- _Data excerpts_
- - - -

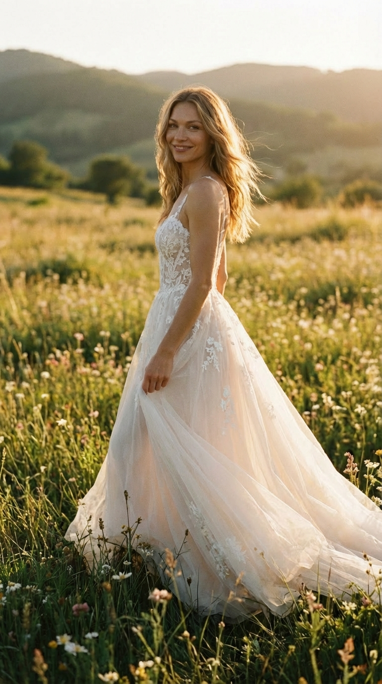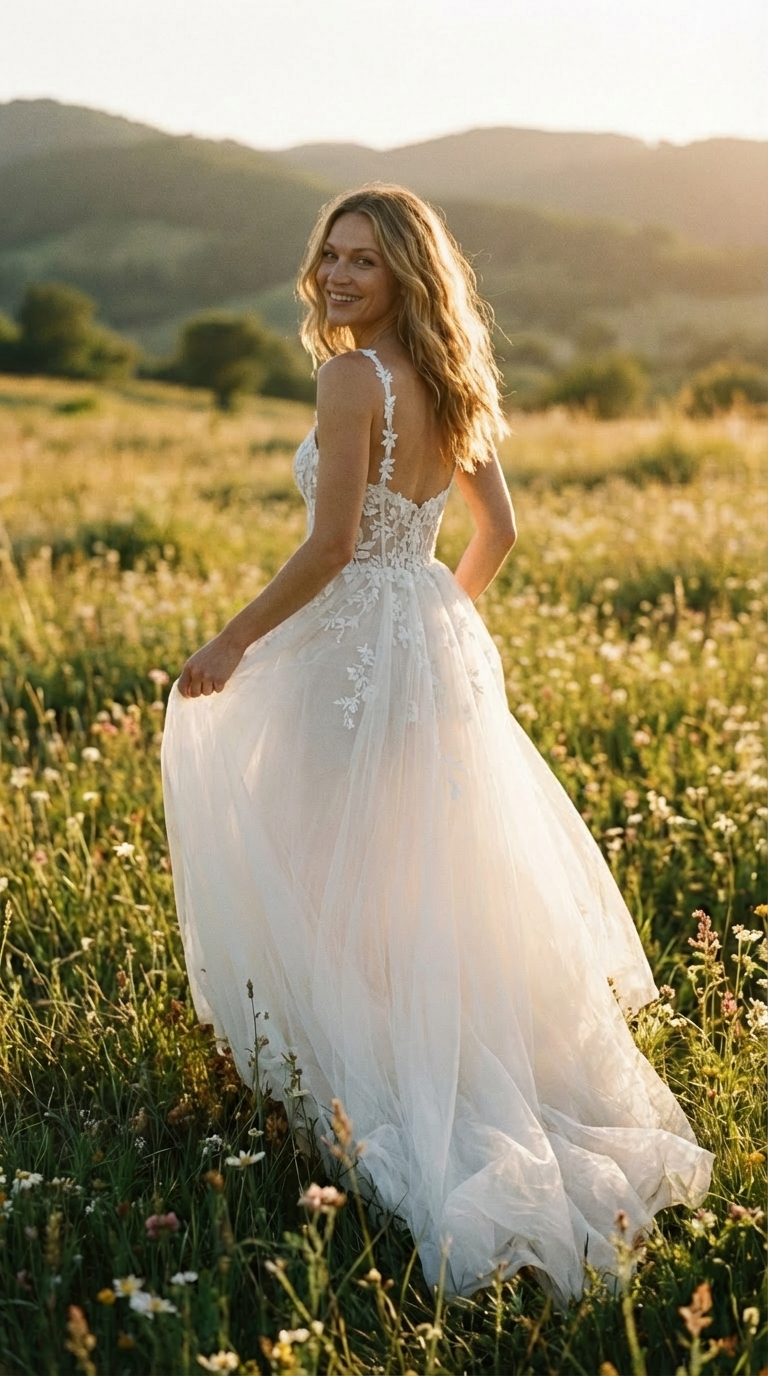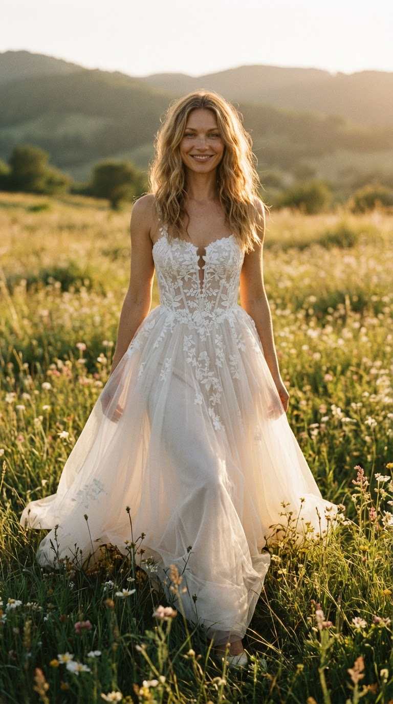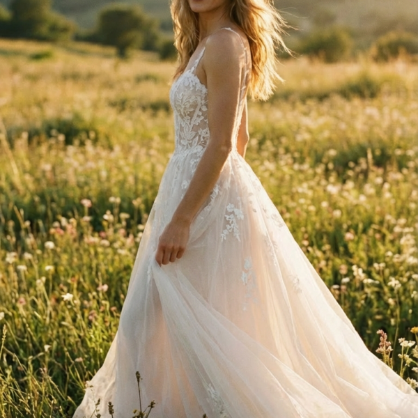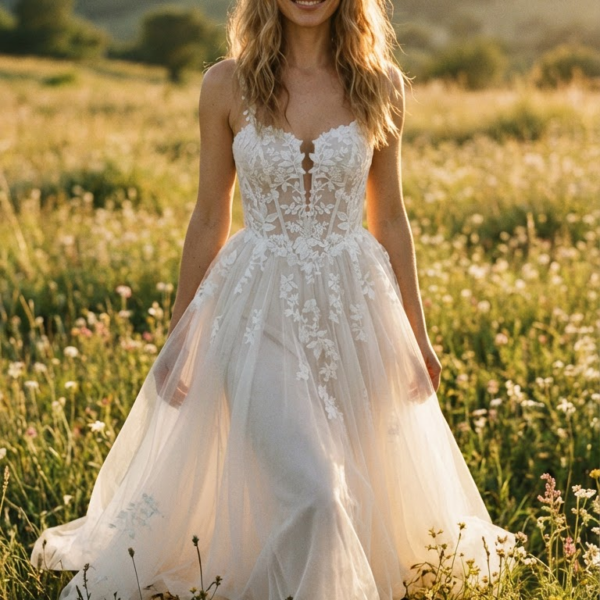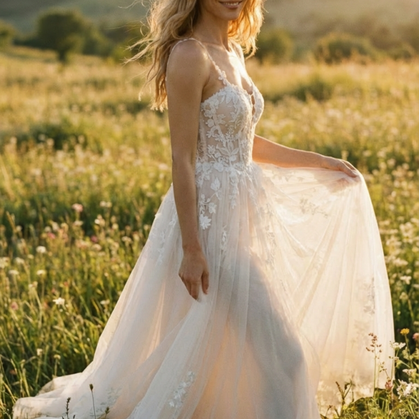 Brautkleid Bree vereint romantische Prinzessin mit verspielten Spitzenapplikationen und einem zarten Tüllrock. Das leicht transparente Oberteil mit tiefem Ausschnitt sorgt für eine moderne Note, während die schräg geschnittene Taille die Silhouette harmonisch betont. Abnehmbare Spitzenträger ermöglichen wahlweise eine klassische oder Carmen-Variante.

- - - -

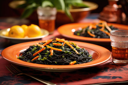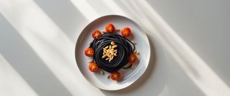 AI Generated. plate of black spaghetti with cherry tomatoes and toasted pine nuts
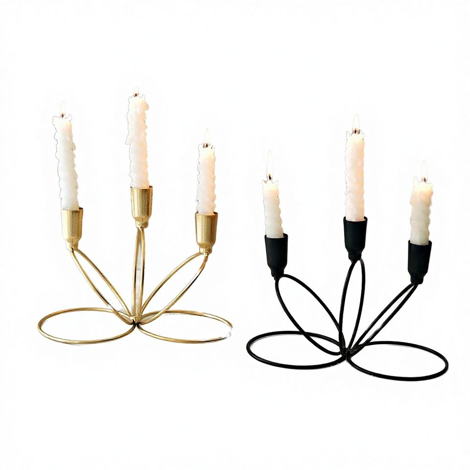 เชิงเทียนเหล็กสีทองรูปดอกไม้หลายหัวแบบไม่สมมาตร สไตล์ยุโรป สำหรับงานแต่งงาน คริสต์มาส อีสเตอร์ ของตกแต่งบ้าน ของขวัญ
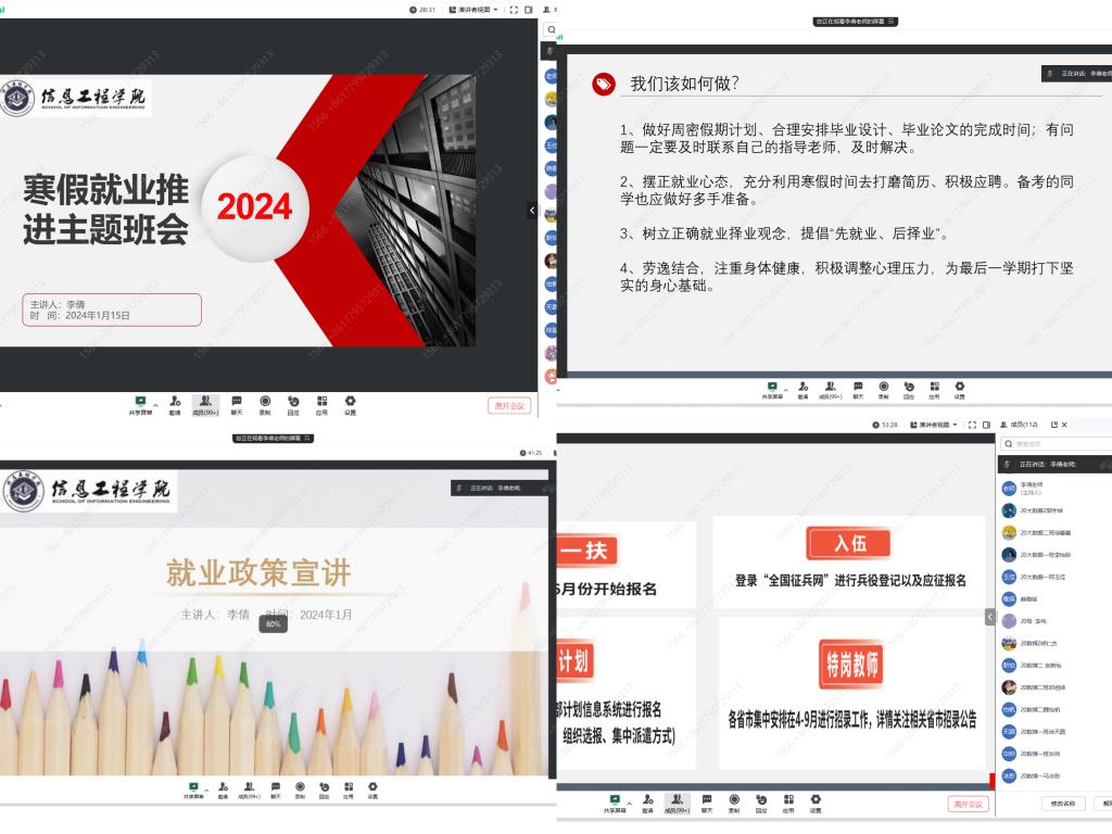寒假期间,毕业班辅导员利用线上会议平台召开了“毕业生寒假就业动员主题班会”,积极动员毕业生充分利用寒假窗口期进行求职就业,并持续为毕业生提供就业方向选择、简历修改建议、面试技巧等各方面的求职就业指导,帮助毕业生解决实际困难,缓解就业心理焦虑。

- - - -

- _Try it_
Write out word for word the lines above that run from the one with "AI Generated. plate" to the one with "寒假期间,毕业班辅导员利用线". Include both end lines; exclude the images.

- _Written response_
 AI Generated. plate of black spaghetti with cherry tomatoes and toasted pine nuts
 เชิงเทียนเหล็กสีทองรูปดอกไม้หลายหัวแบบไม่สมมาตร สไตล์ยุโรป สำหรับงานแต่งงาน คริสต์มาส อีสเตอร์ ของตกแต่งบ้าน ของขวัญ
寒假期间,毕业班辅导员利用线上会议平台召开了“毕业生寒假就业动员主题班会”,积极动员毕业生充分利用寒假窗口期进行求职就业,并持续为毕业生提供就业方向选择、简历修改建议、面试技巧等各方面的求职就业指导,帮助毕业生解决实际困难,缓解就业心理焦虑。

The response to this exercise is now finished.